В борьбе находятся два принципа — свобода совести и господство православия. Один принцип опирается на манифесты недавних лет, выдвинутые так называемой революцией. Другой принцип опирается на древний закон, установленный одновременно с христианством и неотделимый от правоверия. Даже революционная волна не могла смыть тысячелетнего установления, и оно вошло в известную статью Основных Законов. Казалось бы, возможен ли после этого серьезный спор? Он возможен уже потому, что в те же Основные Законы вошла и 67-я статья, обеспечивающая свободу веры. Очевидно, это одно из тех противоречий, которыми наспех составленные наши Основные Законы довольно-таки богаты. Очевидно, без существенного поражения того или иного принципа дело не обойдется.
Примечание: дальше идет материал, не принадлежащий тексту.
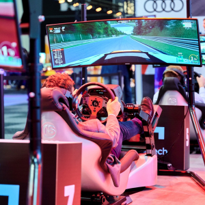 … Mais revenons aux voitures, qui elles aussi nous proposent différents simulateurs, dont, au « Palais 6 », pour la course automobile, 12 simulateurs « eSport », d’un haut niveau professionnel, de la firme « The Sim Power ».
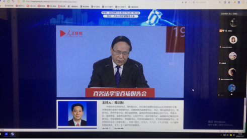 本次报告会主题为:宣传贯彻《中华人民共和国民法典》,报告会由中国法学会党组书记、常务副会长陈训秋主持,中国法学会党组成员、学术委员会主任张文显主讲。
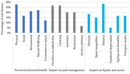 The reviewed articles comprehensively explored various aspects or sub-themes of urban parks affected by COVID-19. Figure 4 illustrates the percentile distribution of sub-themes covered by the selected studies under each broader theme identified in the review. It is observed that COVID-19 has heightened concerns regarding physical and recreational aspects in urban parks, especially during periods of isolation and lockdown measures. The distance from parks emerged as a significant factor, exacerbating inequalities among disadvantaged groups with limited mobility. Notably, the sudden surge of visitors presented challenges for park management, particularly in terms of cleaning and rubbish disposal, highlighting additional concerns for future management strategies.

Попробуем сформулировать возможно сжато нравственные основания обоих тезисов: права веры и, так сказать, долга веры. Свобода веры вытекает из основного представления о душе человеческой. Она — существо божественное, унаследовавшее одно из высших свойств Божиих — свободу воли. «Дух дышит, где хочет». Только искреннее — до страсти — признание чего-либо составляет веру. Всякая неискренность, вынужденность, приспособленность к тем или иным связывающим условиям составляет потерю веры, духовную смерть ее. Вера, подобно любви, абсолютна. Если нельзя предписать общего канона для любви — нельзя предписать и общего закона веры. Свобода веры, свобода любви, свобода понимания есть основное право, нераздельное с самоопределением, то есть с правом на духовную жизнь вообще. Всякое принуждение в этой области есть покушение на жизнь духа. Отсюда ясно требование свободы совести — религиозной, как и всякой иной (ибо может быть совесть научная, художественная, политическая и т. п.). Совесть, по существу, есть искренность, то есть свобода духа. Отвергая свободу совести, вы отвергаете саму совесть.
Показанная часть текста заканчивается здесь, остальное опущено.